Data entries
----
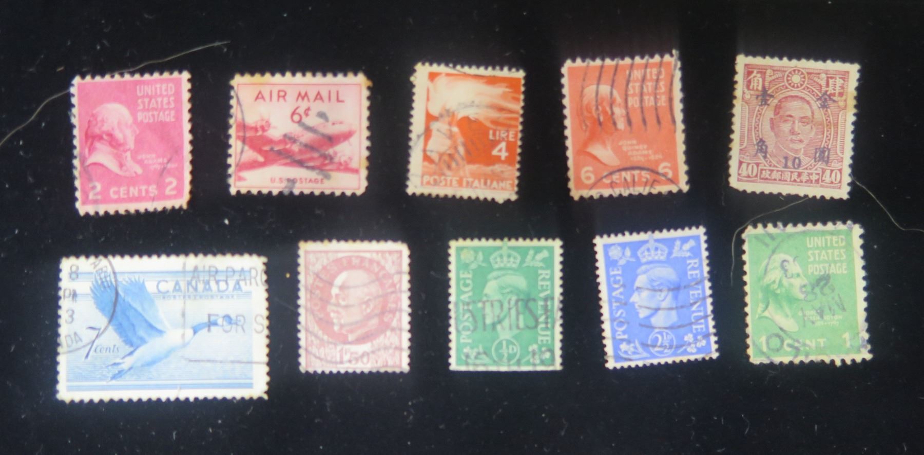 Qty 10 Collectible Stamps: Poste Italiane, Francaise, Canada, US Postage Misc Value, etc
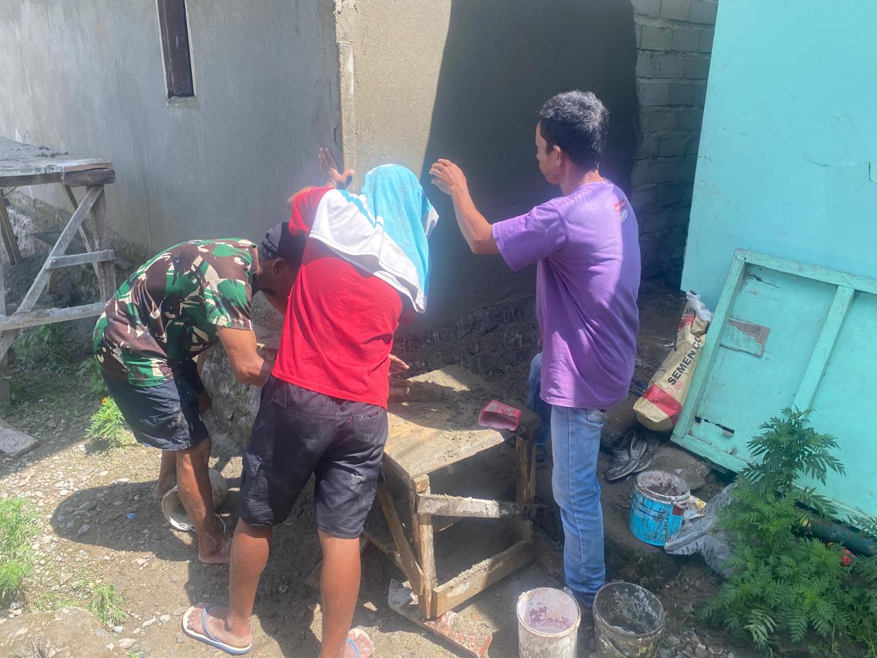 Ombulodata,kejarberitanews.com- Pembangunan Rumah Tidak Layak Huni (RTLH) milik Bapak Yunus Podu, sasaran TMMD ke-124 Kodim 1314/Gorut, kini memasuki tahap akhir, tinggal plester luar dan pasang daun pintu serta jendela (19 Mei 2025)
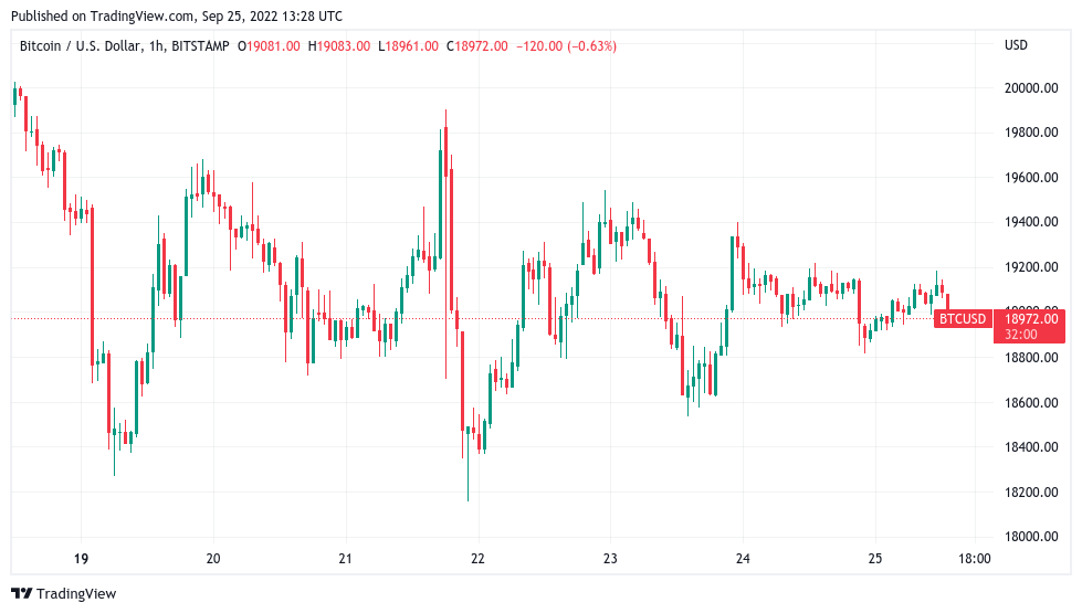 Dane z Cointelegraph Markets Pro i TradingView pokazały handel BTC/USD blisko 19 000 USD z godzinami pozostałymi do zrealizowania na tygodniowej świecy.
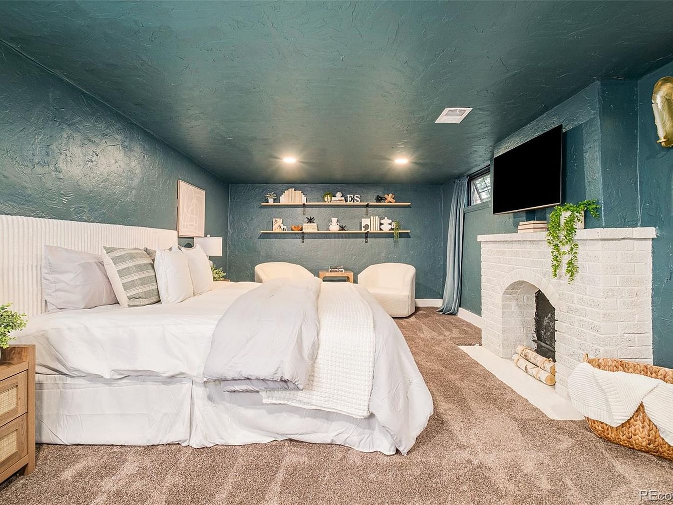 A cozy bedroom features a large bed with a white, fabric-upholstered headboard and crisp, white bedding accented by a single sage-patterned pillow. The room’s walls and ceiling are painted a rich teal color with a textured finish, creating a calming and intimate atmosphere. To one side, a brick fireplace painted white adds classic charm, topped with potted greenery and a wall-mounted television above. Plush beige carpeting covers the floor, while a woven basket with a blanket rests near the hearth. Two modern, cream-colored armchairs and floating shelves with decorative items complete the inviting, elegant look of this restful space.
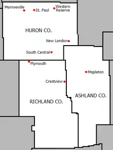 The Firelands Conference is an Ohio High School Athletic Association (OHSAA) athletic league located in north-central Ohio. The league was formed in the 1960–61 school year and is named for the Firelands area of the old Western Reserve, where most of the member schools reside.[1] High schools in this conference are located in Ashland, Huron, and Richland counties. Some of the schools' district boundaries extend into the neighboring counties of Crawford, Erie, and Lorain. Most of the founding schools came from the defunct Huron-Erie League.
----
* _WHAT IS EXPECTED_:
Your answer must be the lines from the opening line of the entries through the line holding "Ombulodata,kejarberitanews.com- Pembangunan Rumah", written out exactly and without any picture.

* _RESULT OF THE TASK_:
 Qty 10 Collectible Stamps: Poste Italiane, Francaise, Canada, US Postage Misc Value, etc
 Ombulodata,kejarberitanews.com- Pembangunan Rumah Tidak Layak Huni (RTLH) milik Bapak Yunus Podu, sasaran TMMD ke-124 Kodim 1314/Gorut, kini memasuki tahap akhir, tinggal plester luar dan pasang daun pintu serta jendela (19 Mei 2025)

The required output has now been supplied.